Lord Byron: Cambridge & Poetry

In October 1805, Byron went to Cambridge University to begin his studies at Trinity College. He brought with him a bulldog - the first of many unusual animals he liked to keep in his company - and a full bar. Byron was instantly popular among his fellow students. He was rich, and exuded a magnetic charisma that drew people to him. He was also attractive - like, incredibly smokin' hot attractive. His physical beauty was one of his most famous qualities. Even straight guys took notice. "Nature could do little more than she had done for him, both in outward form and in the inward spirit she had given to animate it," wrote his friend Edward John Trelawny.7

Unlike his later friend and fellow poet Percy Bysshe Shelley, who blew off his classes at Oxford to read and write poetry, Byron far preferred socializing, drinking, gambling and spending money to literary pursuits. Byron disdained the so-called intellectual life. "[O]f nothing was he more indignant," a friend later wrote of him, "than of being treated as a man of letters, instead of as a Lord and a man of fashion."8 Despite his prodigious gifts as a poet - he published his first collection, Fugitive Pieces, as a student in - he liked to behave as though poetry was an afterthought. Byron was far more interested in pleasures of the body than of the mind. In some ways this was good for literature, as many of Byron's most beautiful poems were inspired by love - or lust.

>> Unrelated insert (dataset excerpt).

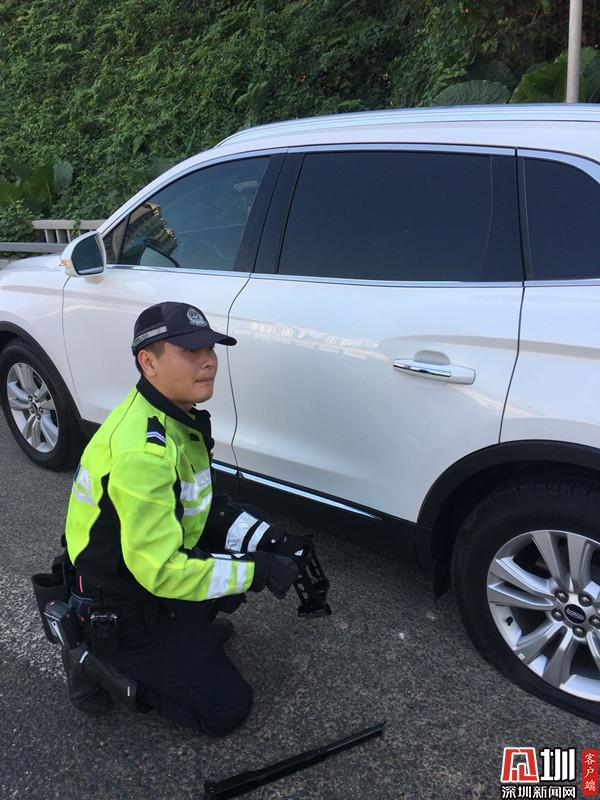 事情發生在10月11日早上10時30分許,劉先生駕車出外辦事,車輛行駛至東環高架西往東方向時,突然一聲巨響左后輪輪胎爆裂車輛半路拋錨,當時正值交通早高峰,過往車輛不斷,故障車輛停在道路中間導致路段交通擁堵,車主劉先生一時間不知所措,只能留在原地等待救援。此時正在執行巡邏任務的羅湖交警鐵騎組長陳展廷見狀,立即停下警車上前查看情況,了解情況后,為了緩解該路段的交通擁堵,防止出現交通意外,陳展廷立即讓劉先生把車停靠在最右側車道,然后安排隊員用警車在故障車輛周邊設置出了安全警戒區域,另一位隊員則對過往車輛進行指揮疏導及勸慰駕駛人不要著急,在安全區域等待,陳展廷則俯下身為爆胎車輛更換輪胎。約15分鐘的忙碌后,三位鐵騎隊員已滿身是汗,但在他們的密切協調配合下,快速幫助駕駛人劉先生擺脫困境,險情在最短時間內被及時排除,道路交通秩序也恢復正常,這暖心一幕讓劉先生很是感動,緊緊握著陳展廷同志的手連聲表示感謝。

By this time, Byron had figured out that he was attracted to both men and women. At college he fell in love with John Edleston, who was at Cambridge on a singing scholarship. When his voice changed, Edleston lost his scholarship and had to leave school, bringing the romance to an end. Byron wore a ring that Edleston gave him for the rest of his life. He also wrote the poem "Thyrzna" to immortalize his lover, though he changed all the pronouns from male to female in order not to publicize his same-sex relationship.

In 1808 Byron received his degree from Cambridge. Shortly after, he fathered the first of his several illegitimate children, this one with a maid at Newstead Abbey. He arranged to have a generous annual stipend sent to the mother and her baby. With things getting a little dicey in England, he did what all good young noblemen did and set his sights on Europe.